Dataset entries
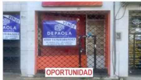
VILLA MARTELLI LOCAL

Sobre Avenida Laprida, 21m2 + jardin, baño, vidriera, persiana (DEPA2500)
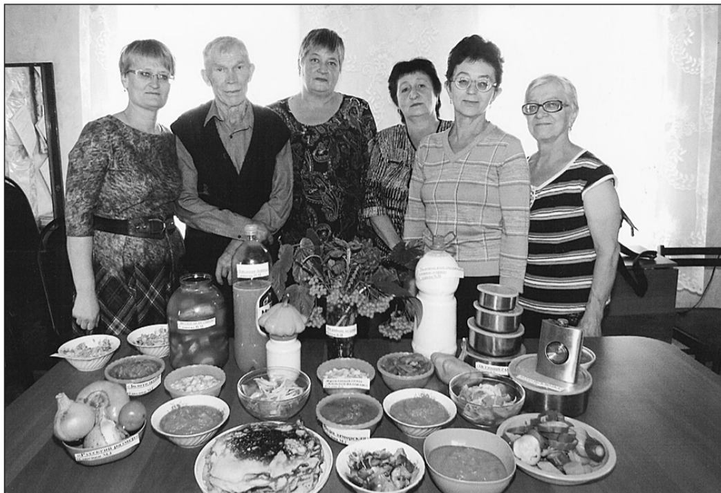
Стол украсили «Дары осени»

«Унылая пора! Очей очарованье!» — эти бессмертные пушкинские строки мы вспоминаем каждый год с приходом осени. И если со словами «очей очарованье» согласны все, то насчёт «унылой поры» с любимым классиком можно и поспорить.
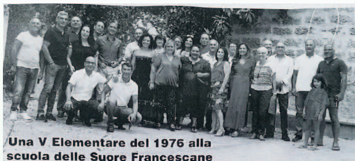
Una V Elementare del 1976 alla scuola delle Suore Francescane
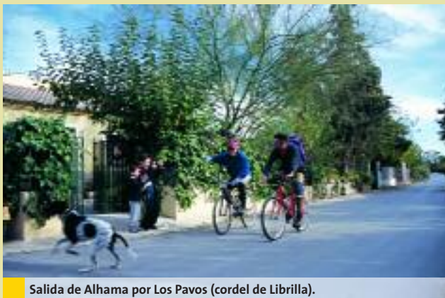
Salida de Alhama por Los Pavos (cordel de Librilla).
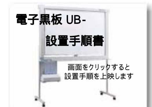
いつでもどこでも何度でも内容を確認できます

細かな設置や工事手順を分かりやすく、解説するツールとして 一斉に工事研修、設置が必要な全国の工事担当者への配布に
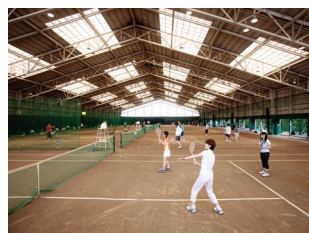
インドアテニスコート

メットライフドームに隣接、豊かな緑に囲まれたアウトドアクレーコート(4面)とインドアクレーコート(6面)があります。インドアテニススクールは天候に左右されずスケジュールも予定通り。貸用具も備えています。
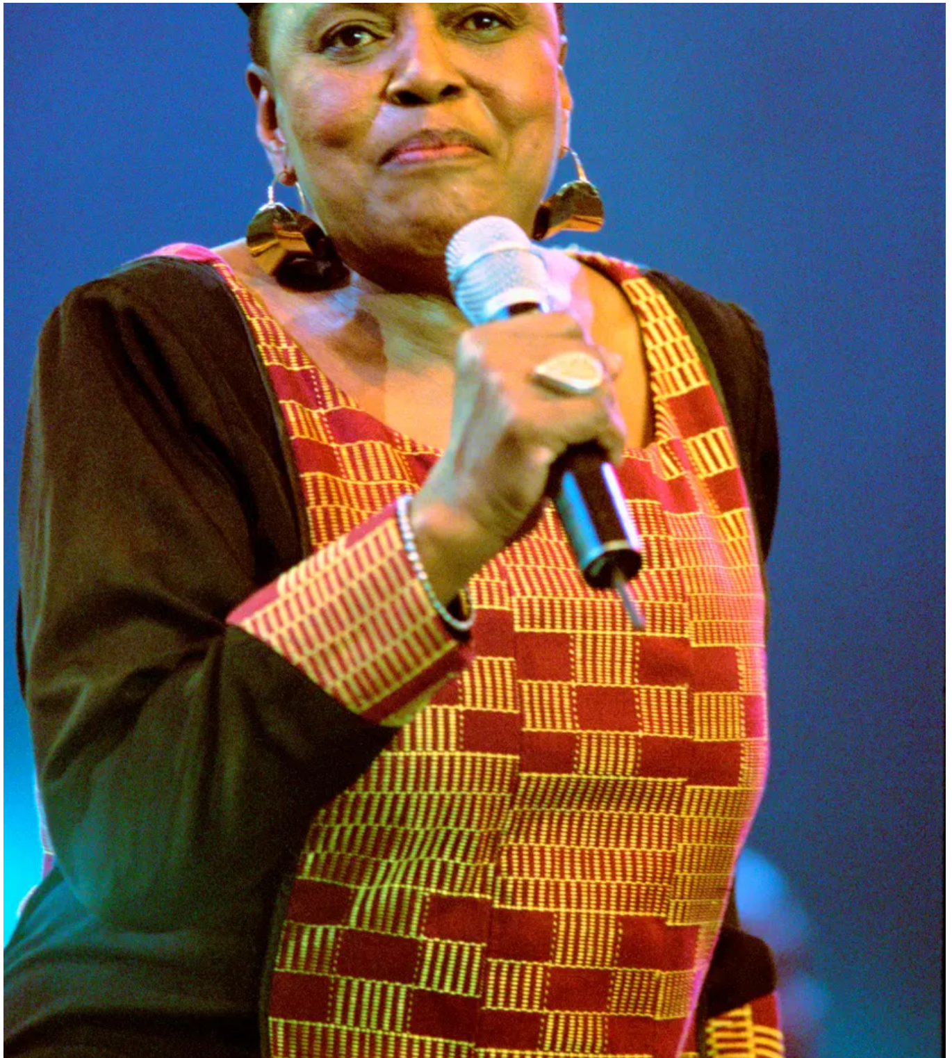
Miriam Makeba en concert à la Hague, le 14 juillet 2001
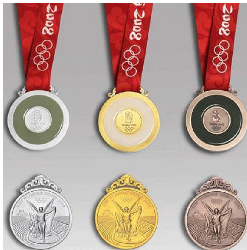
Медали Олимпийских игр 2008 в Пекине

Это знак отличия за личное или командные спортивные достижения в соревнованиях на Олимпийских играх, также считается атрибутикой, используемой Международным олимпийским комитетом для продвижения идеи Олимпийского движения во всём мире. Олимпийские медали — золотую, серебряную и бронзовую — вручают трём спортсменам, показавшим наилучшие результаты в соревновании.
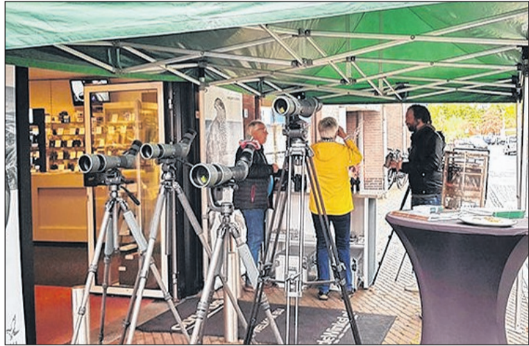
Vrijdag houdt de VerrekijkerShop de Kijk & Vergelijk dag.

Tot ziens vrijdag 19 juni aan de Brinkstraat 14 in Beilen, meer info: 0593-582524.
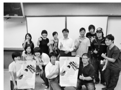
TVBS 工作人員與文大新聞系一同為大學新聞獎宣傳

間，也是訓練新聞系學生培養正確採訪態度，和運用所學的最好平台，讓充滿生命與關懷的新聞報導提高能見度，使社會充滿溫暖的正向力量，感受台灣人擁有的包容、努力、樂觀和融合等精神，帶領閱聽人從「心」感受新台灣。
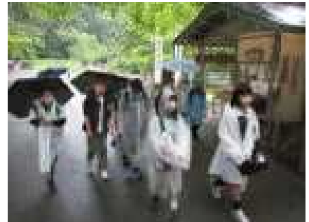
新緑が美しい中尊寺
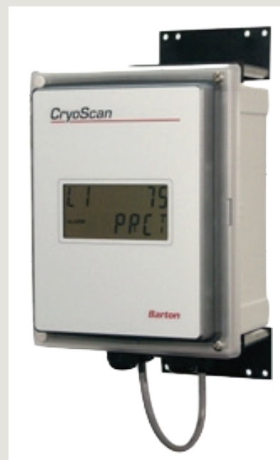
Bild 2, övervakningsenhet.
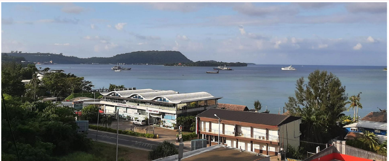
바누아투 항구 사진
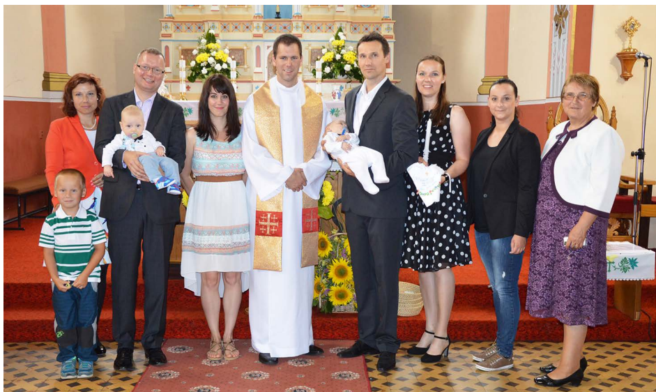
Fotografia do rodinného albumu Šišolákovcov...
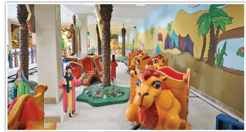
نخستین شهر بازی معارفی پایتخت از سوی شرکت توسعه فضاهای فرهنگی در مجموعه ایوان ری به بهره‌برداری رسید.
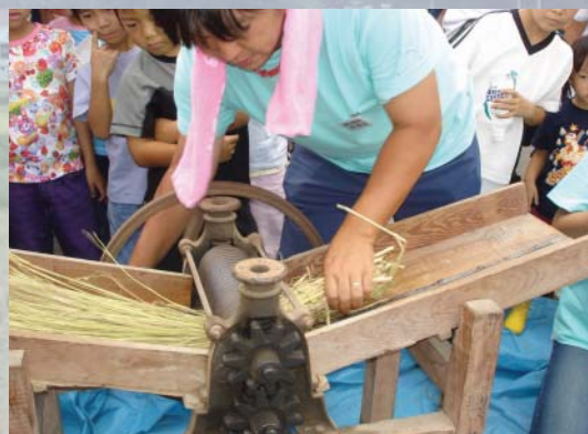
古代的稻草柔軟機
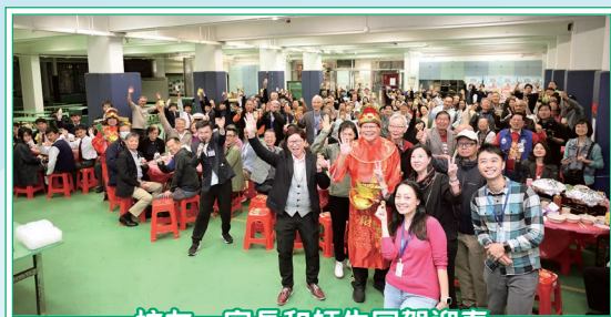
校友、家長和師生同賀迎春

切燒豬儀式乃晚宴壓軸環節，配合緊張刺激的問答及抽獎遊戲，將氣氛推向高潮，歡呼聲此起彼落，眾人盡興投入，度過了一個溫馨愉快的晚上。
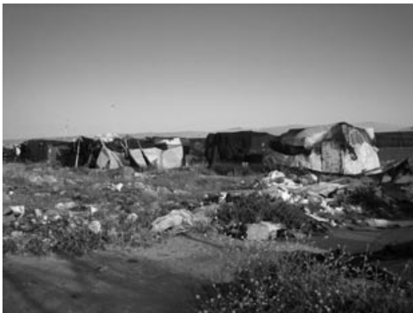
El Ejidoko berotegietan lan egiten duten beharginen txabolak. Ikus daitekeenez, modu jasangaitzean bizi izan dira, eta bizi dira oraindik, esplotazio-egoeran diharduten etorkinak.
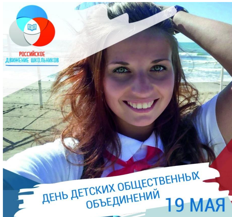
Маргарита Владиславовна Терехова
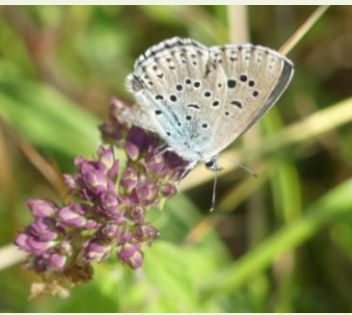
Azuré du serpolet
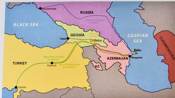
Figure 5. Baku-Tbilisi-Ceyhan main export pipeline

If the "Contract of the Century" was National Leader Heydar Aliyev's first masterwork, BTC - main oil export pipeline was his second one.
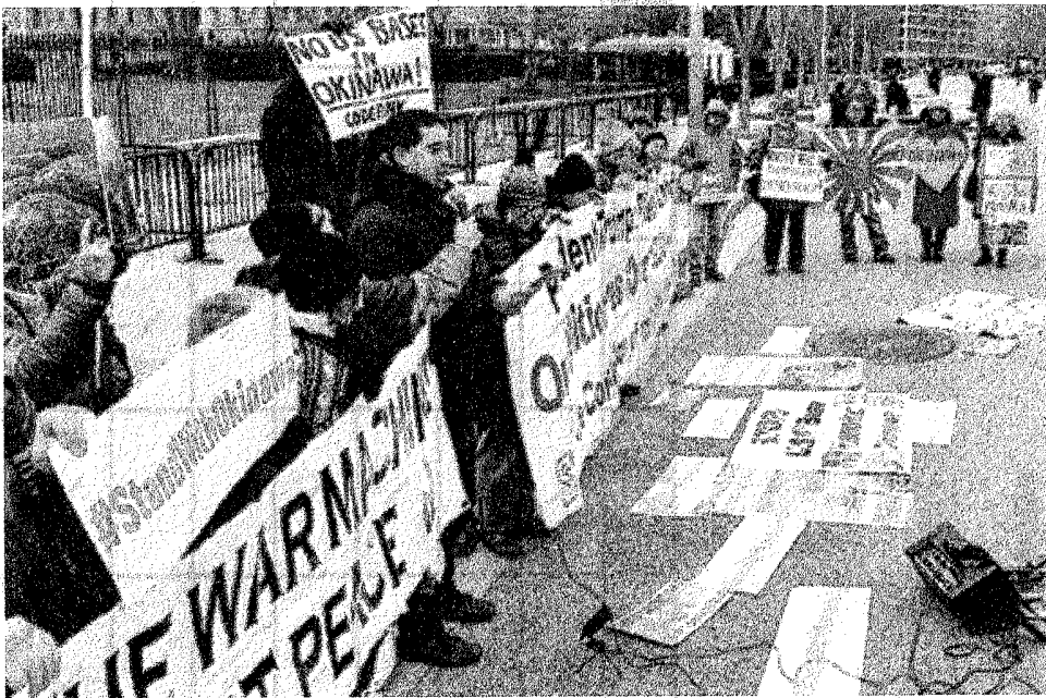
ホワイトハウス前で辺野古埋め立ての停止を訴える米市民ら＝7日、ワシントン
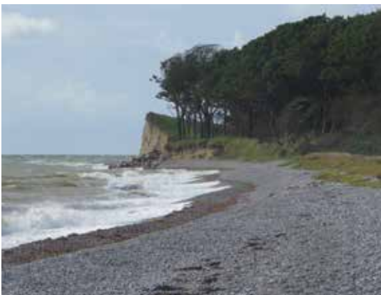
Skoven Østre Gulstav (Østerskov) og Dovns Klint.
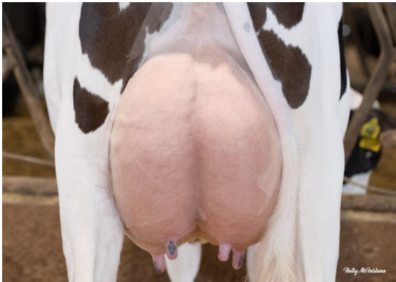
SANDY-VALLEY BORN2BOOGIE DAM
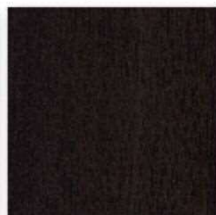
■PM-AG3 WG (モディオーク) ○エッジ材 : DC4L38
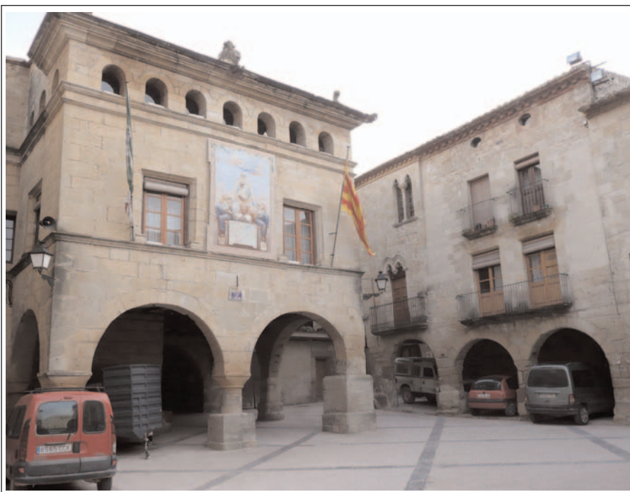
HORTA DE SANT JOAN. Casa de la Vila. Plaça Major..

Població d'uns 1.100 i pocs habitants, situada al sud de la comarca, a 20 km de la capital, Gandesa. La part sud del terme l'ocupa el Parc Natural dels Ports, per la qual cosa el turisme és una de les fonts actuals d'ingressos dels hortencs.
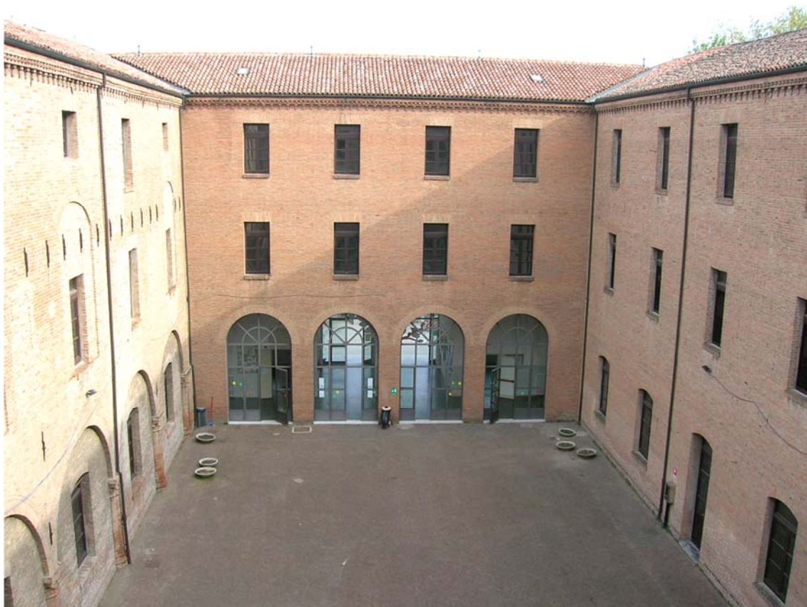
3 – Veduta del cortile interno lato est; in questa facciata del fabbricato, realizzata nel 1953-1954, è previsto l’innesto con la parziale copertura dello spazio polivalente.

I saggi sugli intonaci eseguiti nel 1996 e nel 2000, non hanno evidenziato la presenza di alcuna emergenza o di eventuali decorazioni od affreschi.
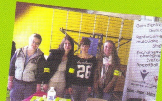
FESTIV'ELLES 08 MARS 2014
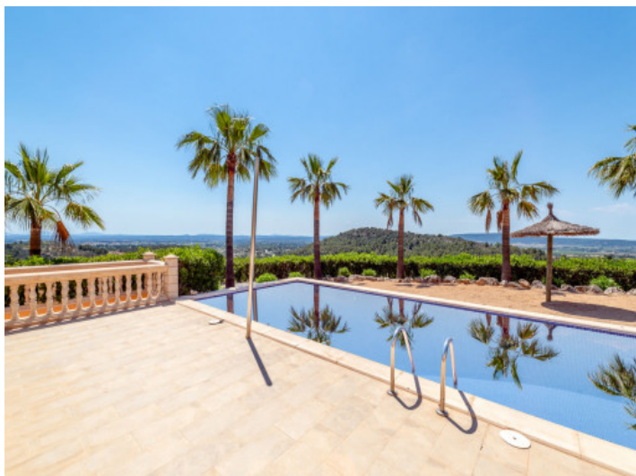
Área de piscina
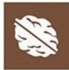
Fruits à coque
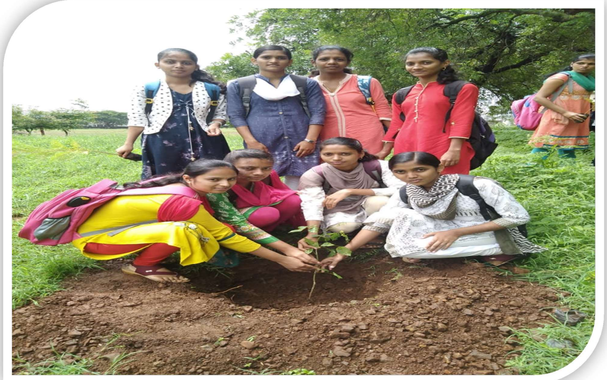
राष्ट्रीय सेवा योजनेचे स्वयंसेवक वृक्षारोपण करताना
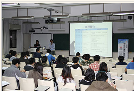
2010年10月辦理社評說明會

陽明課輔組的業務重點除了社團，尚有導師業務、獎助學金。而每個成員被分配到的任務雖有重疊，但大致來說是各司其職，術業有專攻。

§ Work to complete:
Write out the entries above verbatim; the pictures do not belong in your copy.

§ Task result:
VILLA MARTELLI LOCAL

Sobre Avenida Laprida, 21m2 + jardin, baño, vidriera, persiana (DEPA2500)
Стол украсили «Дары осени»

«Унылая пора! Очей очарованье!» — эти бессмертные пушкинские строки мы вспоминаем каждый год с приходом осени. И если со словами «очей очарованье» согласны все, то насчёт «унылой поры» с любимым классиком можно и поспорить.
Una V Elementare del 1976 alla scuola delle Suore Francescane
Salida de Alhama por Los Pavos (cordel de Librilla).
いつでもどこでも何度でも内容を確認できます

細かな設置や工事手順を分かりやすく、解説するツールとして 一斉に工事研修、設置が必要な全国の工事担当者への配布に
インドアテニスコート

メットライフドームに隣接、豊かな緑に囲まれたアウトドアクレーコート(4面)とインドアクレーコート(6面)があります。インドアテニススクールは天候に左右されずスケジュールも予定通り。貸用具も備えています。
Miriam Makeba en concert à la Hague, le 14 juillet 2001
Медали Олимпийских игр 2008 в Пекине

Это знак отличия за личное или командные спортивные достижения в соревнованиях на Олимпийских играх, также считается атрибутикой, используемой Международным олимпийским комитетом для продвижения идеи Олимпийского движения во всём мире. Олимпийские медали — золотую, серебряную и бронзовую — вручают трём спортсменам, показавшим наилучшие результаты в соревновании.
Vrijdag houdt de VerrekijkerShop de Kijk & Vergelijk dag.

Tot ziens vrijdag 19 juni aan de Brinkstraat 14 in Beilen, meer info: 0593-582524.
TVBS 工作人員與文大新聞系一同為大學新聞獎宣傳

間，也是訓練新聞系學生培養正確採訪態度，和運用所學的最好平台，讓充滿生命與關懷的新聞報導提高能見度，使社會充滿溫暖的正向力量，感受台灣人擁有的包容、努力、樂觀和融合等精神，帶領閱聽人從「心」感受新台灣。
新緑が美しい中尊寺
Bild 2, övervakningsenhet.
바누아투 항구 사진
Fotografia do rodinného albumu Šišolákovcov...
نخستین شهر بازی معارفی پایتخت از سوی شرکت توسعه فضاهای فرهنگی در مجموعه ایوان ری به بهره‌برداری رسید.
古代的稻草柔軟機
校友、家長和師生同賀迎春

切燒豬儀式乃晚宴壓軸環節，配合緊張刺激的問答及抽獎遊戲，將氣氛推向高潮，歡呼聲此起彼落，眾人盡興投入，度過了一個溫馨愉快的晚上。
El Ejidoko berotegietan lan egiten duten beharginen txabolak. Ikus daitekeenez, modu jasangaitzean bizi izan dira, eta bizi dira oraindik, esplotazio-egoeran diharduten etorkinak.
Маргарита Владиславовна Терехова
Azuré du serpolet
Figure 5. Baku-Tbilisi-Ceyhan main export pipeline

If the "Contract of the Century" was National Leader Heydar Aliyev's first masterwork, BTC - main oil export pipeline was his second one.
ホワイトハウス前で辺野古埋め立ての停止を訴える米市民ら＝7日、ワシントン
Skoven Østre Gulstav (Østerskov) og Dovns Klint.
SANDY-VALLEY BORN2BOOGIE DAM
■PM-AG3 WG (モディオーク) ○エッジ材 : DC4L38
HORTA DE SANT JOAN. Casa de la Vila. Plaça Major..

Població d'uns 1.100 i pocs habitants, situada al sud de la comarca, a 20 km de la capital, Gandesa. La part sud del terme l'ocupa el Parc Natural dels Ports, per la qual cosa el turisme és una de les fonts actuals d'ingressos dels hortencs.
3 – Veduta del cortile interno lato est; in questa facciata del fabbricato, realizzata nel 1953-1954, è previsto l’innesto con la parziale copertura dello spazio polivalente.

I saggi sugli intonaci eseguiti nel 1996 e nel 2000, non hanno evidenziato la presenza di alcuna emergenza o di eventuali decorazioni od affreschi.
FESTIV'ELLES 08 MARS 2014
Área de piscina
Fruits à coque
राष्ट्रीय सेवा योजनेचे स्वयंसेवक वृक्षारोपण करताना
2010年10月辦理社評說明會

陽明課輔組的業務重點除了社團，尚有導師業務、獎助學金。而每個成員被分配到的任務雖有重疊，但大致來說是各司其職，術業有專攻。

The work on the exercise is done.